- Directed by: Andrew Merrill
- Written by: Andrew Merrill
- Produced by: Beth Crudele
- Cinematography: Bogdan Yansen
- Release date: 2019;
- Country: USA
- Language: English

= Rot (film) =

Rot is a 2019 horror drama film directed by Andrew Merrill and starring Kris Alexandre.

== Plot ==
Madison breaks up with her boyfriend Jesse due to them wanting different things in life and feeling her studies are more important than a relationship. Later, Jesse is infected by an elderly woman with a rare rage virus while in the process of trying to propose to Madison. Once the infection begins to run its course, rage takes over Jesse's mind, turning him into a nightmare from hell.

== Cast ==

| Actor | Role |
|---|---|
| Kris Alexandrea | Madison |
| Johnny Kostrey | Jesse |
| Johnny Uhorchuk | Aaron |
| Sara Young Chandler | Nora |
| Daniel Amerman | Malcom |
| Andre Bolourchi | Jogger |
| Matthew Brady | Grad Student |
| Adam Burch | Alex |
| McKale Jude Bingham | Chrissy |
| Tyrone Evans Clark | Student |

== Production ==

The story was inspired by and compared to the films of director David Cronenberg.

The film was:
- Written, directed, and film edited by Andrew Merrill.
- Produced by Beth Crudele and the Executive producer was Andrew Merrill.
- The cinematographer was Bogdan Yansen.
- Original music by Josy Svajda.
- Production design was created by Stephanie Ottinger.
- Costume design was by Pamela Wilkinson.

== Release ==
Rot was screened at the 16th annual - Another Hole in the Head Film Fest of December 2019 at New People Cinema in San Francisco. Around the year 2020 the film received a distribution deal with The Horror Collective.

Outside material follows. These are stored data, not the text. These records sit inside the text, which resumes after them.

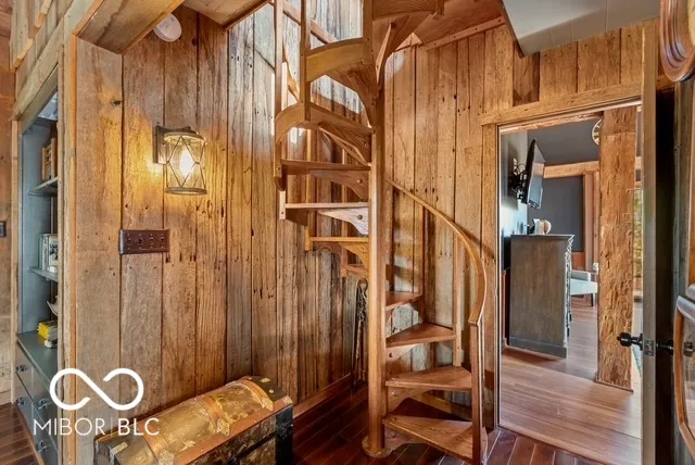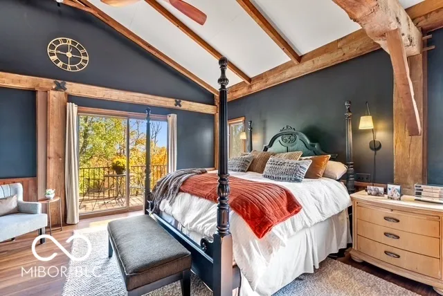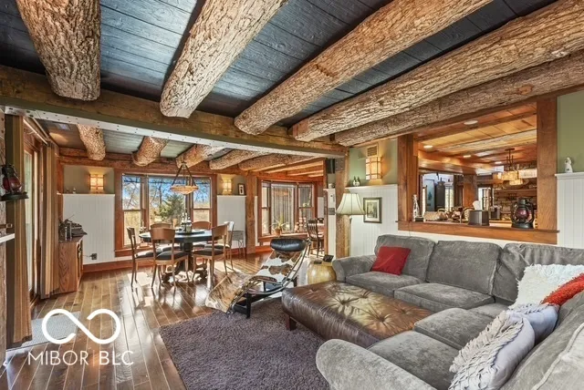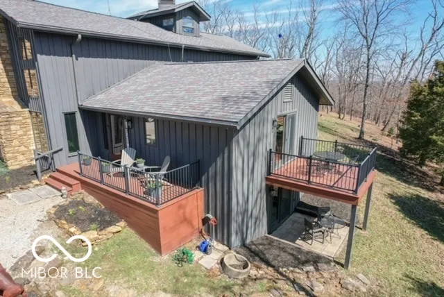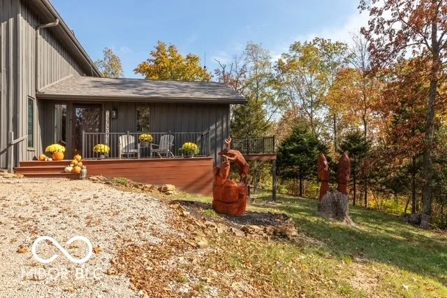Step into a one-of-a-kind masterpiece-a uniquely engaging home crafted from hand-hewn barn beams originally sourced from an 1800s Indiana farm. This stunning post-and-beam residence features a striking exterior of native rough-sawn yellow poplar and showcases exceptional craftsmanship, design, and quality throughout. Nestled on 50 picturesque wooded acres, this 3-bedroom, 2-1/2-bathroom contemporary retreat offers something special at every turn. The heart of the home is a breathtaking great room with a soaring Brown County stone fireplace and natural light streaming through expansive windows, complemented by a charming stained glass feature. The gourmet kitchen, complete with a center island, is perfect for entertaining, while the walkout lower level adds functionality and charm. The master suite is an oasis of relaxation, featuring a wet bar and access to serene outdoor views. This unique property also includes a bell tower, and recent upgrades to the deck (hot tub included!). Outdoors, nature lovers and sportsmen alike will delight in the abundance of wildlife, a small pond, and the quiet, secluded ambiance. The 48×24 outbuilding provides additional versatility for hobbies, storage, or workspace. Located just 7 miles southwest of I-65, this home is a nature lover’s paradise and a must-see for those seeking rustic charm paired with modern convenience. Schedule your private tour today to experience this unique, one-of-a-kind treasure!
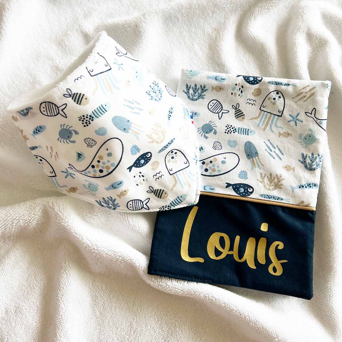 Vous cherchez un cadeau de naissance efficace, personnalisable et adorable ? Vous venez de le trouver ! Ce duo composé d'un bavoir bandana et d'un protège-carnet regroupe 2 essentiels pour prendre soin de bébé.
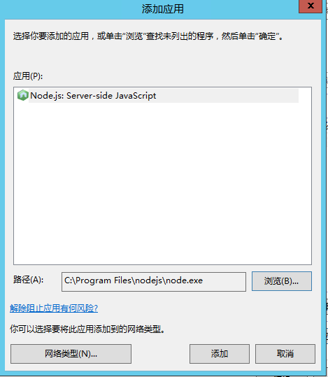 控制面板=》系統(tǒng)和安全=》Windows防火墻=》 允許應(yīng)用或功能通過Windows防火墻=》 允許其他應(yīng)用=》瀏覽選擇 Nodejs應(yīng)用=>添加
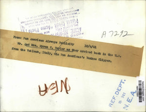 From: Pan American Airways Publicity. Mr. and Mrs. Myron C. Taylor as they arrived back in the U.S. from the Vatican, Italy, via Pan American's Yankee Clipper.
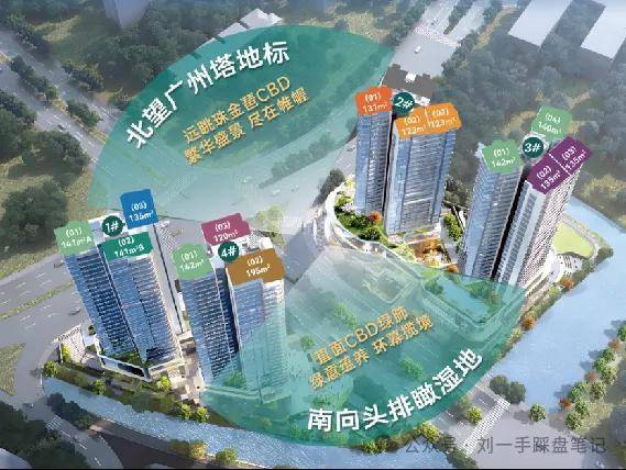 利用裙房,将项目整体抬升近20米,使住宅景观无遮挡,北望珠城/琶洲CBD、广州塔璀璨繁华,南瞰超万亩湿地自然生态风光然河涌,并沿途打造了开放式街角公园,与社区园林无边界衔接,景观优美。
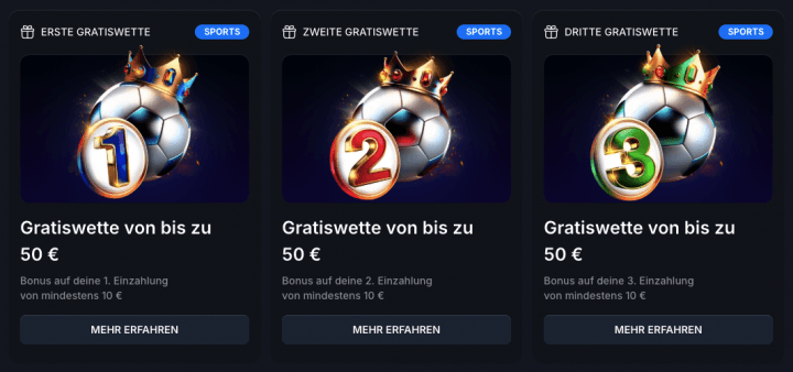 - 3. Wettbonus für Neukunden - 10% bis zu 50€
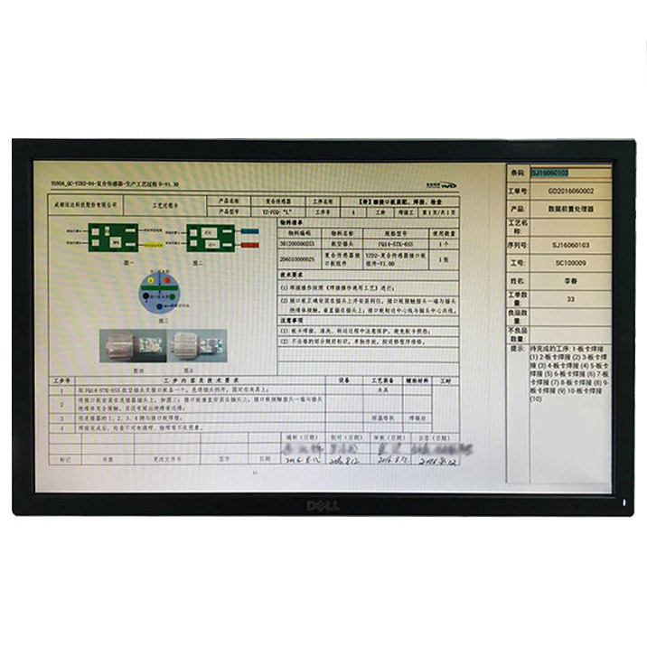 液晶電子看板,采用高分辨率,顯示內(nèi)容豐富,色彩和布局可根據(jù)客戶喜好進(jìn)行設(shè)計(jì),同時(shí)可通過以太網(wǎng)/無線網(wǎng)絡(luò)將工廠內(nèi)的所有電子看板進(jìn)行集中管理,并且將實(shí)時(shí)的生產(chǎn)數(shù)據(jù)上傳到服務(wù)器,管理人員在辦公室就可以實(shí)時(shí)查看生產(chǎn)進(jìn)度,返修率等數(shù)據(jù)。
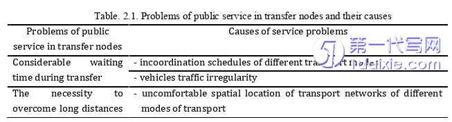 The importance of integrating and combining different types of passenger transport is recognized in many countries around the world. This fact explains the growing interest in the reorganization of the old and the formation of new transfer nodes. On the basis of them intermodal, multimodal transportations are carried out and passengers are transplanted within a certain mode of transport, as well as the introduction of a set of measures to increase their efficiency. Today, there is a tendency to expand the functions of modern transfer nodes: cultural and entertainment, trade, etc. are added to the main transport, and the efficiency of functioning should be considered taking into account economic, social and environmental aspects. There is no clear definition of the concept of “transfer nodes” yet, so the authors provide different options in their works. For example, the publication [17] uses the following definition: "Elements of the transport system in which the transport process begins, ends with one of the modes of transport or the interaction between main and urban modes of transport and redistribution of passenger flows". Other variants can be found in papers [18-20]. Mykola Pyshkin [21] formulated in his work the author's definition transfer nodes as follows: "The set of buildings, structures, devices, territory and transport infrastructure in a predetermined radius from a combination of two or more types of public passenger transport". In addition, along with the concept of “transfer nodes”, the following terms are found in the literature: transport and communication node, public and transport node, highly urbanized multifunctional node of urban structure. In each case, refers to an element of the transport infrastructure used by the public to perform relocate between different modes of transport within the network or one of them. The realities of nowadays show that, every day, thousands of passengers deal with the imperfection of public transport, which in many cities cannot be judged to be reliable and fast. Transit trips cause the greatest inconvenience for urban residents due to the presence of maintenance issues at the transfer nodes shown in Table. 2.1.
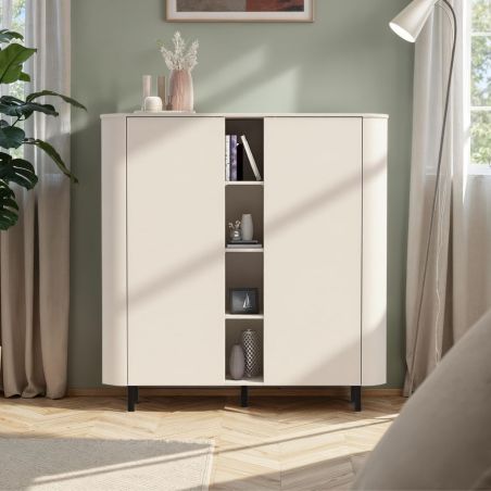 Meuble de rangement 2 portes et niches finition laqué beige design coins arrondis pieds métal noir - LYNA.
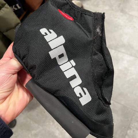 Alpina skotrekk til barn, str 31-32. De er klippet litt under (se bilde), for lettere å få ut snø som pakker seg der bindingen skal festes.
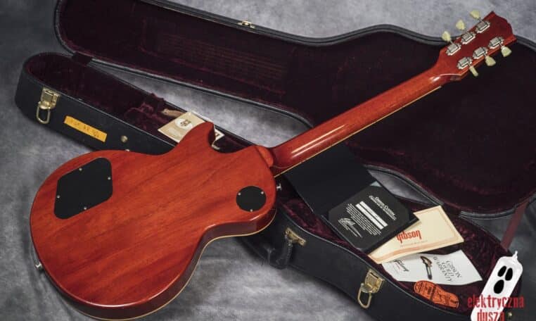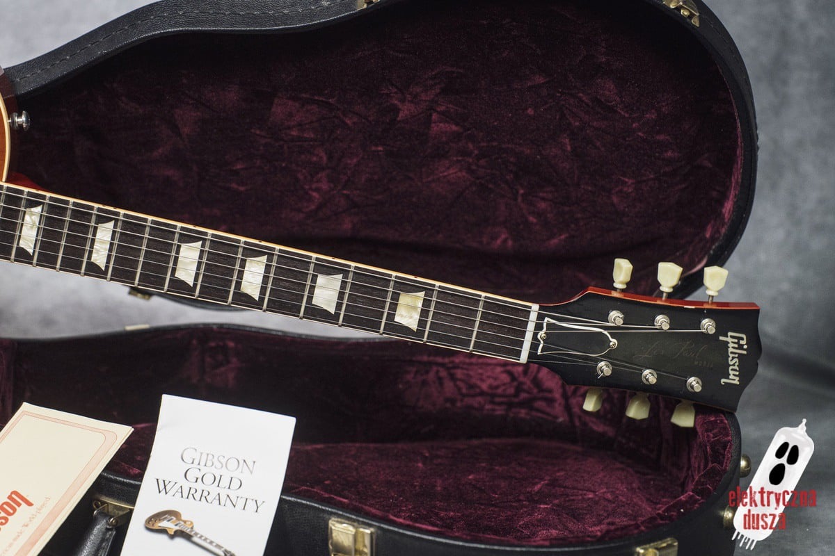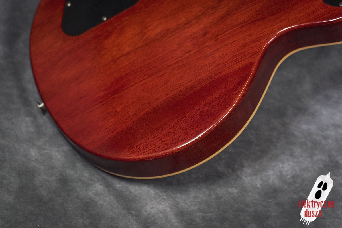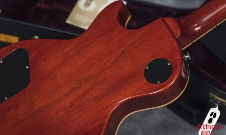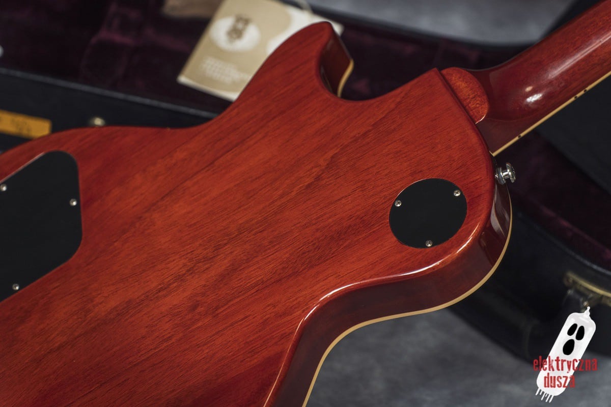 Poprawne historycznie niuanse konstrukcyjne (long tenon, korpus z jednego kawałka bez odciążeń), osprzęt typu vintage (most ABR-1, aluminiowy strunociąg, nylonowe siodełko), staroświecka elektronika (50’s wiring, kondensatory Bumblebee), klasyczne pickupy typu PAF (Burstbucker 1 i 2) oraz oczywiście lakier nitro to tylko niektóre poszukiwane cechy LP, które znajdziecie w tym egzemplarzu.
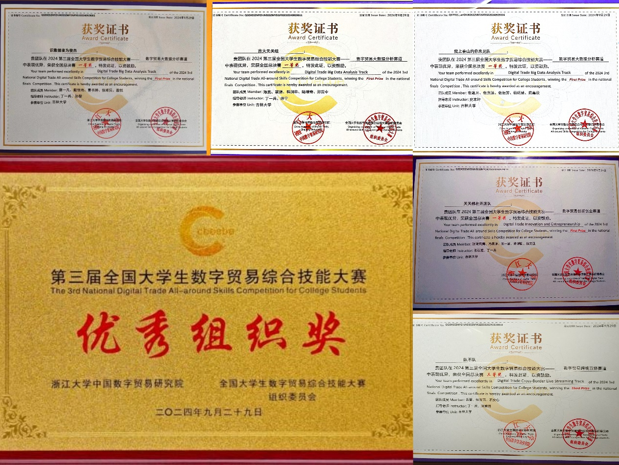 2024年9月29日,由浙江大学中国数字研究院主办、全国大学生数字贸易综合技能大赛组织委员会承办的第三届全国大学生数字贸易综合技能大赛总决赛在浙江大学落幕。必赢官网师生在全国总决赛上表现出色,获得了总决赛一等奖4项、三等奖1项的优异成绩,丁一兵、史本叶、孙黎、徐宁、张弘媛获得了“优秀指导教师奖”,必赢线路检测3003no1必赢线路检测3003获得了“优秀组织奖”。
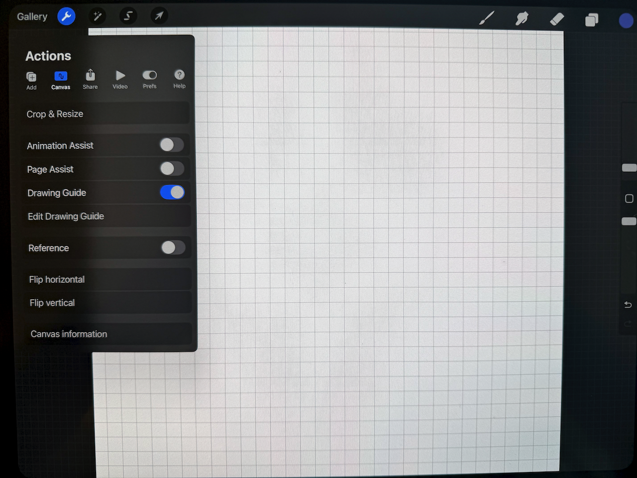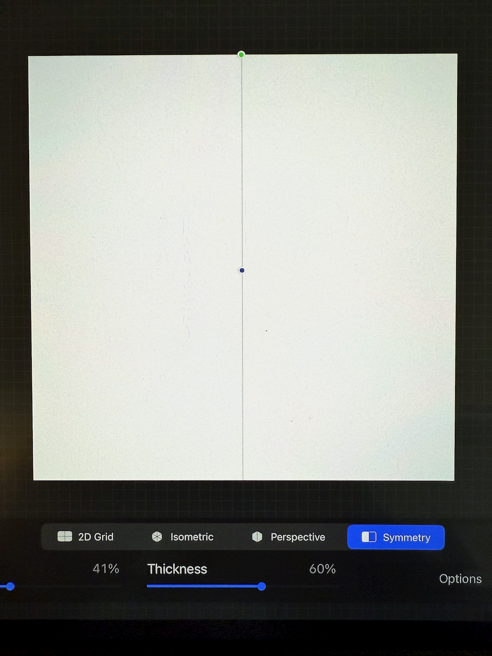 - Tap the wrench icon and tap ‘canvas’ at the top, then toggle ‘drawing guide’ on. There will now be a grid on your canvas and this is not exactly what we need, so next you’ll tap on ‘Edit Drawing Guide’. This brings up a little menu at the bottom of your screen, and you’ll tap on ‘symmetry’ then below that tap on ‘options’ and click ‘vertical’. Lastly, hit ‘done’ in the top right corner and your canvas is ready!

The film was released via genre distributor The Horror Collective on November 19, 2020 exclusively through Amazon.

On July 20, 2021, the film was released on horror-genre Shudder platform.

== Reception ==
According to Deadline,“The Horror Collective’s mission is to uplift new and exciting voices, to help create the next generation of horror masters,” said Shaked Berenson, CEO of The Horror Collective parent company Entertainment Squad. “Rot is one of those movies that is a perfect example of the kind of people and content we want to work with and we’re proud to add to our slate.”

Terry Mesnard of Gayly Dreadful! wrote,"This is all interesting and well-done. Merrill created sympathetic characters and we spend a lot of time with them, building their relationships. Even the side characters like Aaron (Johnny Uhorchuk) and Nora (Sara Young Chandler) are given more depth than you’d expect. They also provide an interesting foil to Madison and Jesse, with their burgeoning relationship contrasting with Madison/Jesse’s rapidly deteriorating one."